A 200-m-wide river has a uniform flow speed of 1.1 m/s through a jungle and towards the east. An expoere wishes to leave a small clearing on the south band and cross the river in a powerboat that moves at a constant speed of 4 m/s with respect to the water. There is a clearing on the north band 82 m upstream from a point directly opposite the clearing on the south bank. (a) In what direction must the boat be pointed to travel in a straight line and land in the clearing. (b) How long will the boat take to cross the river?

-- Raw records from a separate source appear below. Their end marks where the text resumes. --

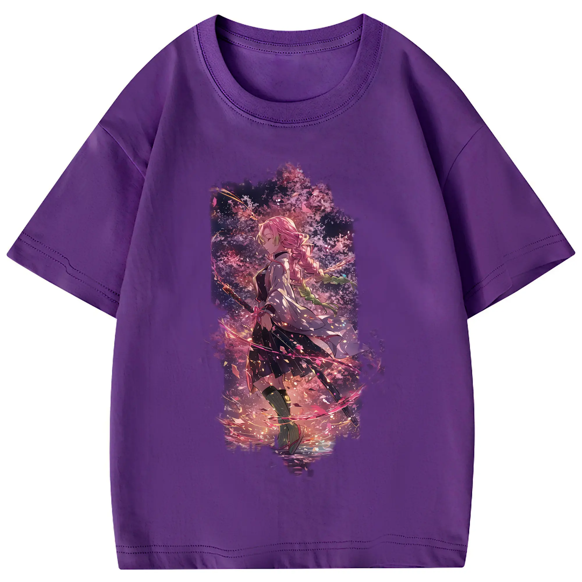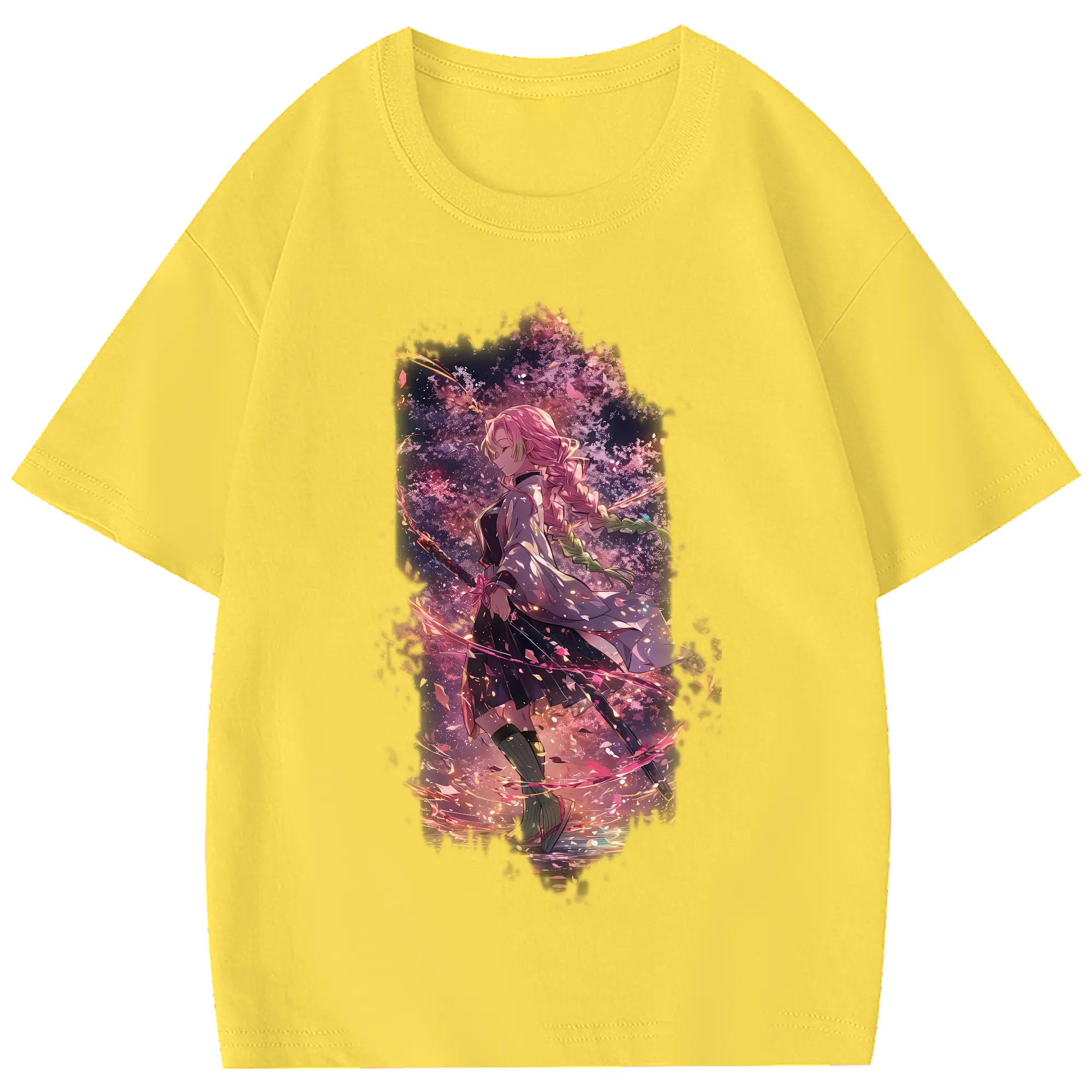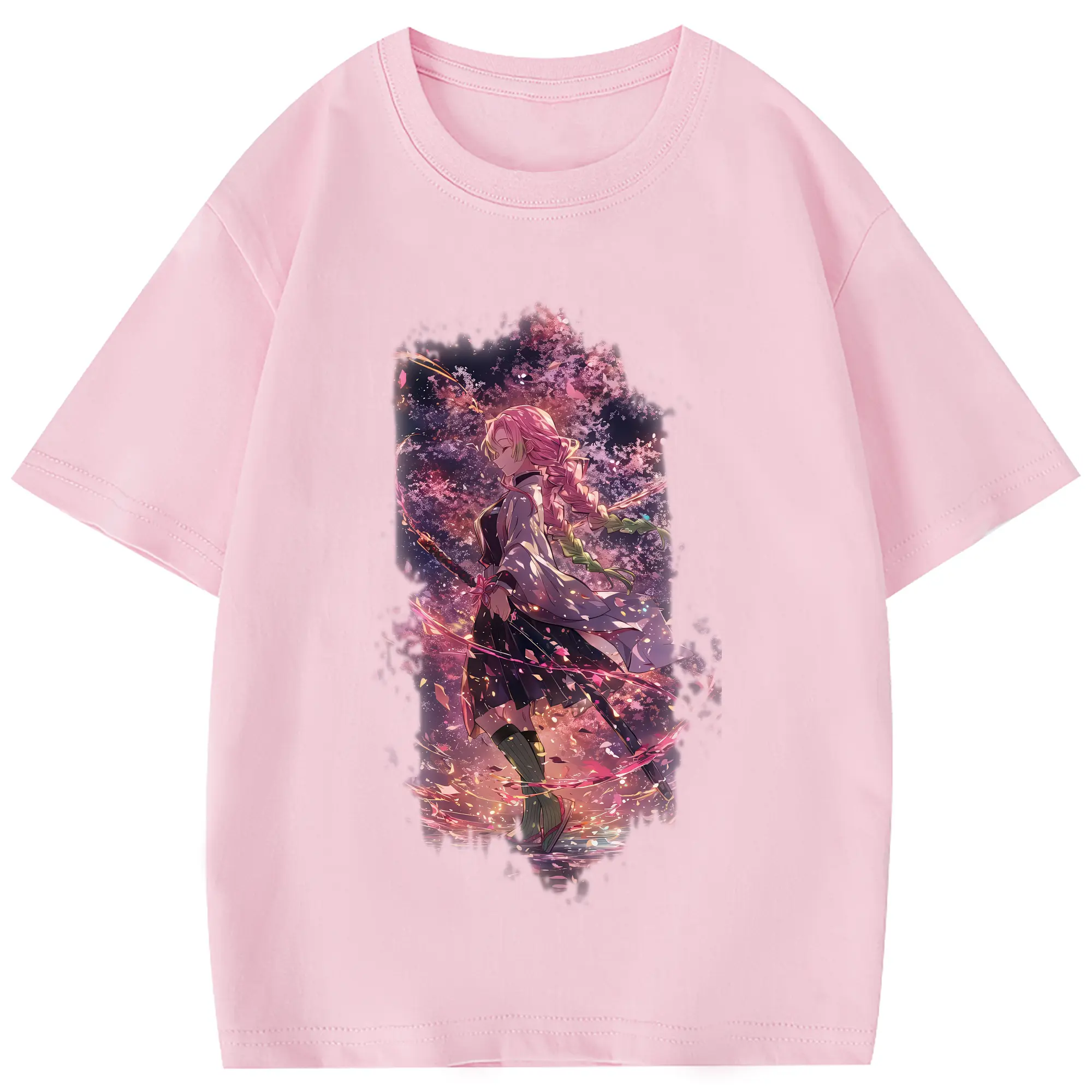 鬼滅の刃 グッズ,甘露寺 蜜璃 - 綿100% 半袖Tシャツ ・ フロントプリント ・ 快適 通気性 ・ 日常使い 散歩 スポーツ用
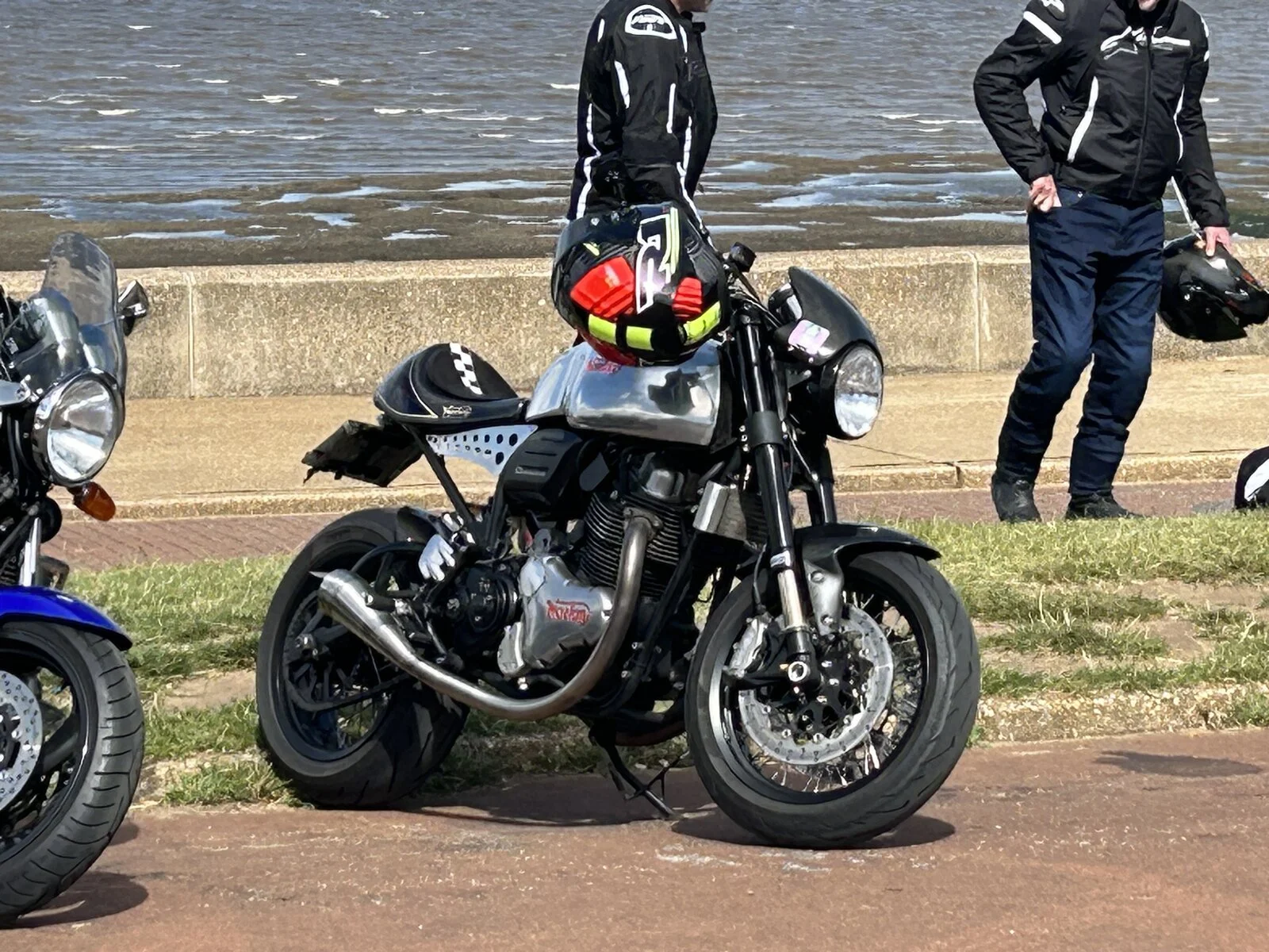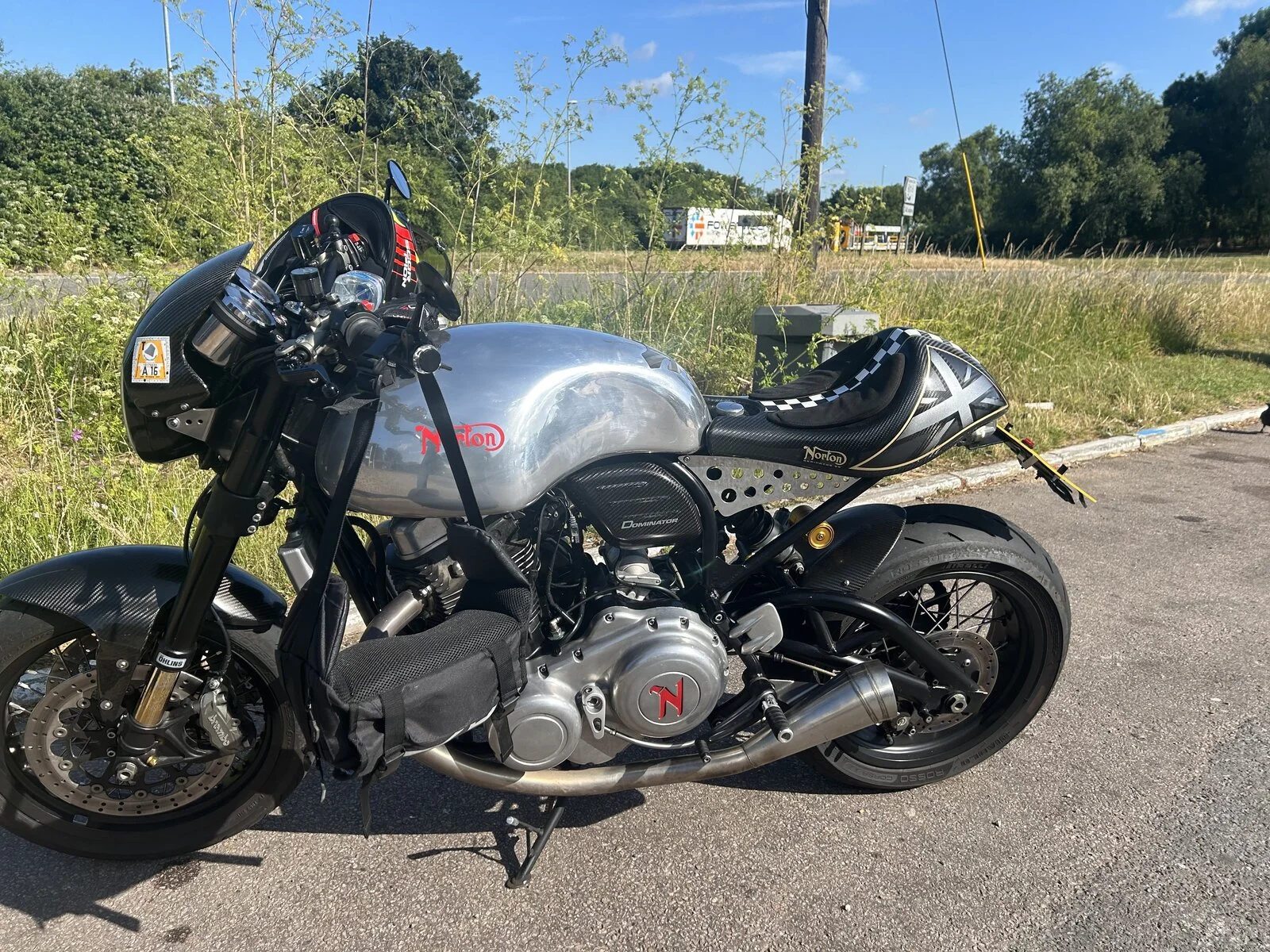 Resting (deservedly) after a 200km thrash! 150km is normally nearer the max so my back feels like I’ve spent a week on a testy camel with a bad limp!o_O Bike didn’t miss a beat as usual - bloody unreliable these Donington Nortons!! Baring her ass to receive some nice Rizoma indicators tomorrow!
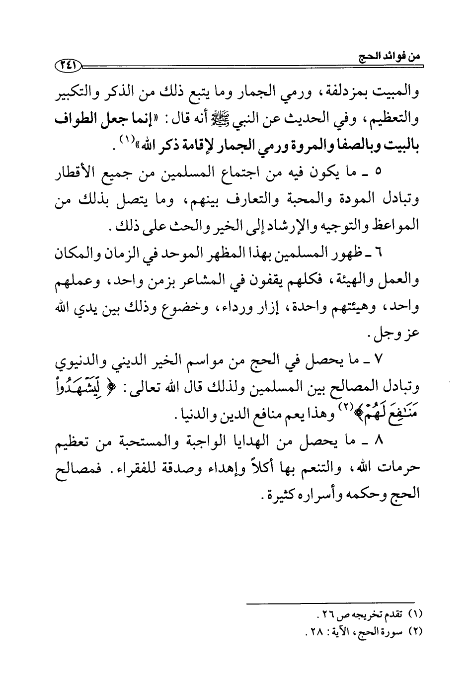 5- ما يكون فيه من اجتماع المسلمين من جميع الأقطار وتبادل المودة والمحبة والتعارف بينهم، وما يتصل بذلك من المواعظ والتوجيه والإرشاد إلى الخير والحث على ذلك.
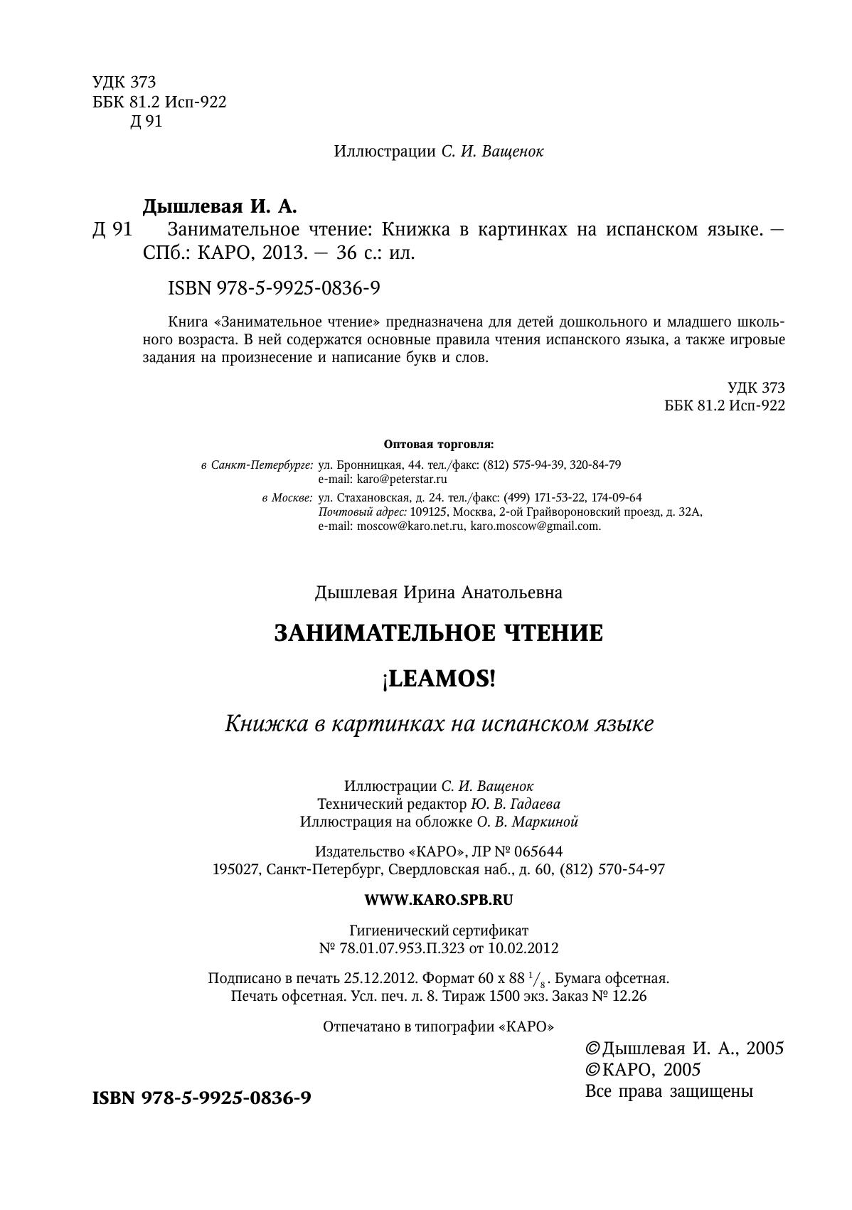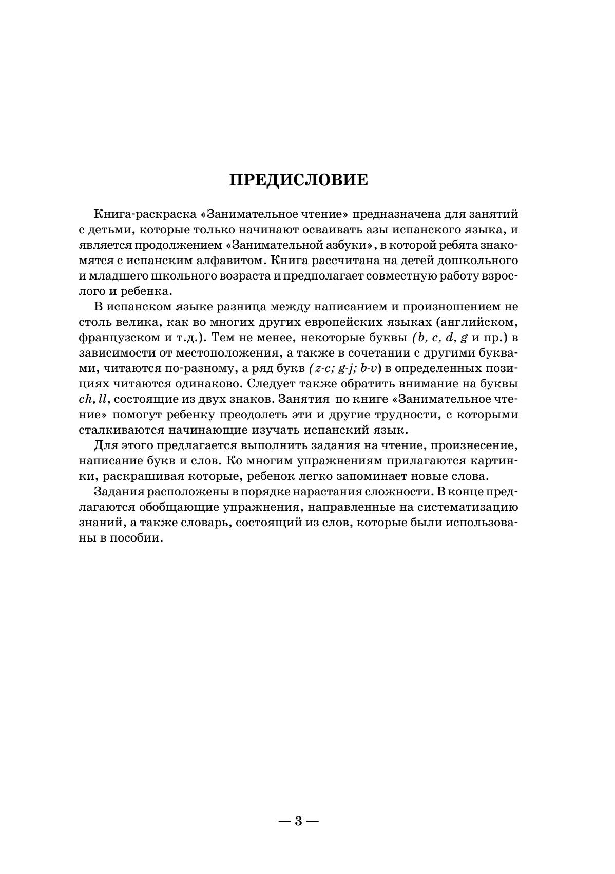 Книга «Занимательное чтение» предназначена для детей дошкольного и младшего школьного возраста. В ней содержатся основные правила чтения испанского языка, а также игровые задания на произнесение и написание букв и слов.
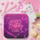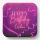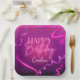 Platos modernos y ultra festivos de Papel Happy Birthday con confeti rosa y morado, piezas curvadas de cinta rosa y morada y luces de neón rosado. El fondo está decorado con un degradado moderno de rosa a violeta a negro. Personaliza con el nombre y ¡empecemos con el fiesta!
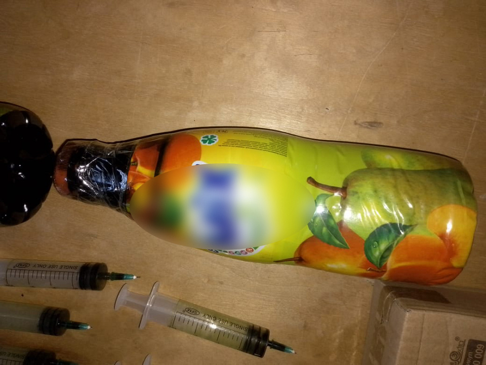 Обследовав место проживания наркоторговца, стражи правопорядка изъяли почти 4 килограмма гашишного масла, которое хранилось в четырёх полимерных бутылках. Данная партия запрещённого вещества сдержит более 4 тысяч разовых доз, а её стоимость по ценам чёрного рынка может достигать 17 миллионов рублей.
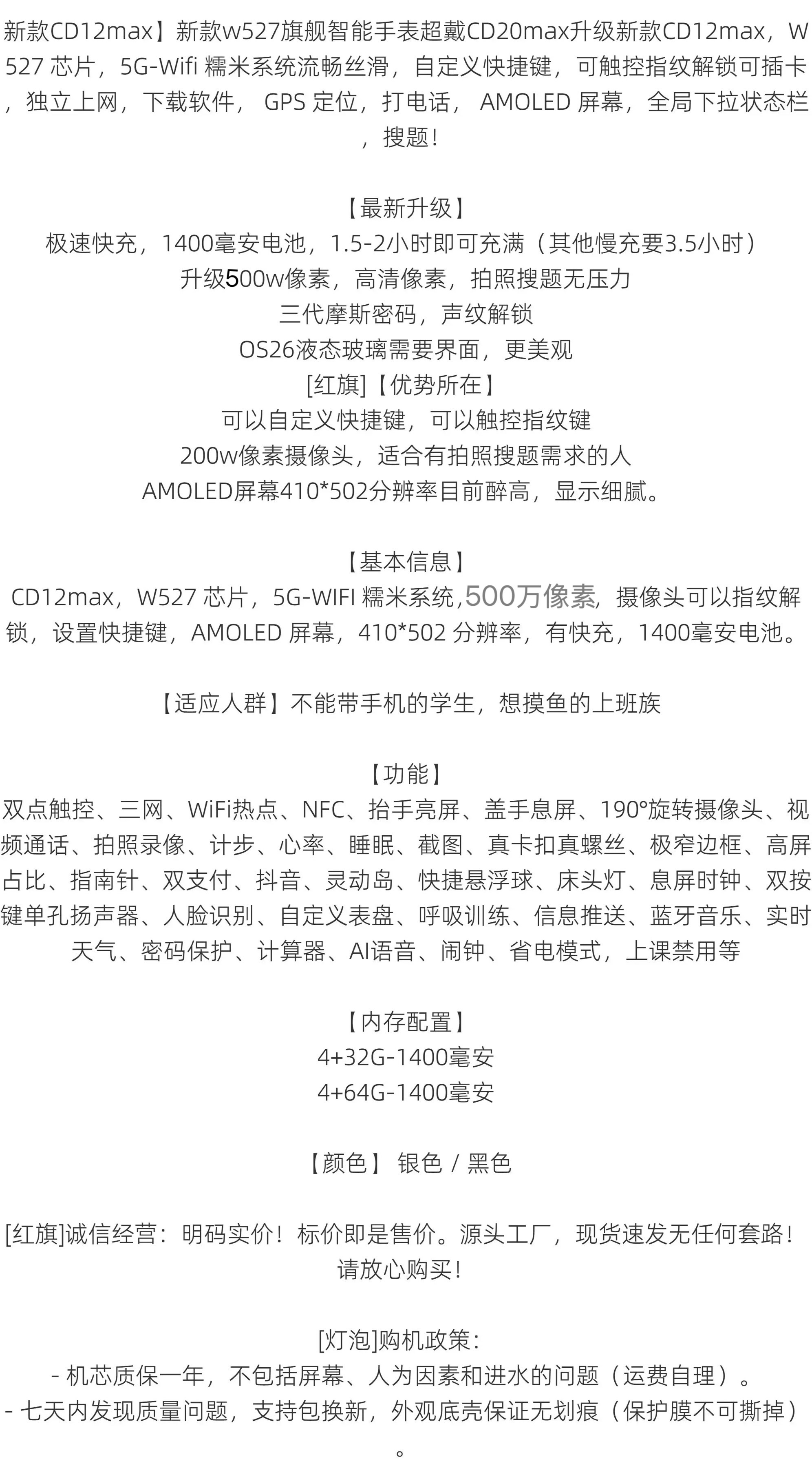 华强北W527芯片CD12max智能手表1400毫安蜂窝版5G全网通插卡手表
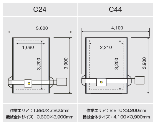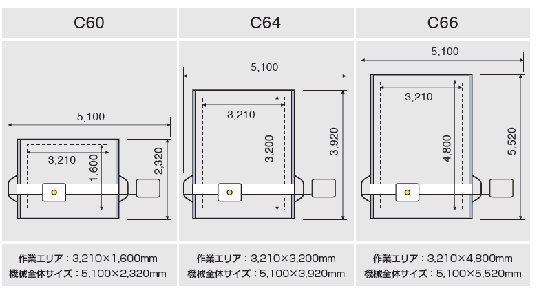 | 作業エリア | 1,680mm × 3,200mm |
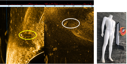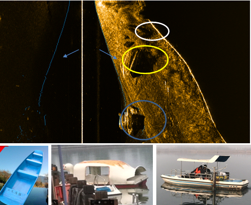 其中,藍色箭頭指向藍色線條為自動檢測的水底線,三艘沉船,分別對應(yīng)實物如下,小船約為3米長,大船約為5米長。

I've done tons of things to try to solve this from pathagreon theorem to sines and cosines and I cannot solve this for the life of me. Please help.

 

[geoffjb]

A 200-m-wide river has a uniform flow speed of 1.1 m/s through a jungle and towards the east. An expoere wishes to leave a small clearing on the south band and cross the river in a powerboat that moves at a constant speed of 4 m/s with respect to the water. There is a clearing on the north band 82 m upstream from a point directly opposite the clearing on the south bank. (a) In what direction must the boat be pointed to travel in a straight line and land in the clearing. (b) How long will the boat take to cross the river?

I've done tons of things to try to solve this from pathagreon theorem to sines and cosines and I cannot solve this for the life of me. Please help.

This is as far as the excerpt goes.